Most DSCR lenders active in Madison are national non-QM platforms — Kiavi, Lima One, Easy Street, LendingOne. Some regional non-QM operators may have specific advantages.

Does Madison have a seasonal rental market?

Yes — Madison rentals see seasonal turnover patterns tied to school year and weather. Spring/summer typically strongest for lease-up.

What's the typical hold period for Madison DSCR investors?

Most Madison DSCR investors hold 5-10+ years.
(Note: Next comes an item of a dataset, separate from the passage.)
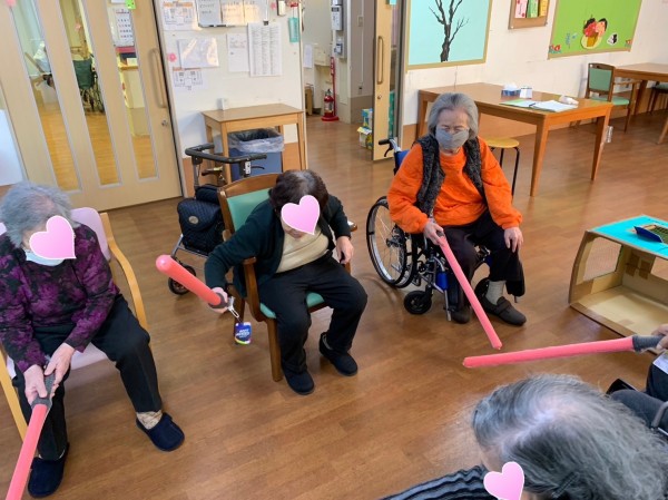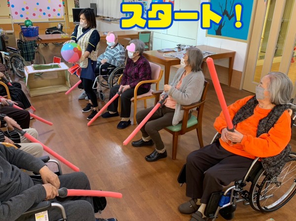 今日のレクリエーションは『棒サッカー』

Madison investors often hold for appreciation timing — exit when market timing favors.

How does Madison compare to other Midwest metros?

Within the Midwest region, Madison sits among the harder DSCR markets. Population of 685K and medium growth profile place it in the steady-growth tier.

Bottom line for Madison

Investors who do well in Madison tend to share patterns: respect submarket variation, partner with quality local property management or operate hands-on locally, model DSCR conservatively with realistic post-transfer tax assumptions, and maintain disciplined acquisition criteria. The metro rewards consistency more than aggressive scaling.

Core DSCR questions

What rates are typical for DSCR loans nationally?

DSCR rates currently run 7.5–10.5% depending on borrower profile, leverage, and DSCR coverage ratio. Best pricing requires DSCR 1.25+, FICO 740+, and 5+ funded deals of experience.

Can I use an LLC for DSCR financing?

Yes — most DSCR lenders require or strongly prefer LLC vesting. Structured as business-purpose loans, DSCR vesting in an LLC maintains exemption from consumer mortgage regulations. Personal guarantees from LLC principals typically back the loan.

How long does DSCR loan closing take?

Standard DSCR closes in 30-45 days from application to funded close. Refinances may run slightly faster; cash-out refinances and complex properties slightly longer.

What documentation does a DSCR loan require?

Property appraisal, lease (if rented) or projected rent estimate, title commitment, insurance binder, LLC operating agreement, basic credit pull, and proof of liquidity reserves. No personal tax returns or income documentation required.

Educational content only. DSCR loan terms, eligibility, and pricing are determined by individual lenders and subject to change.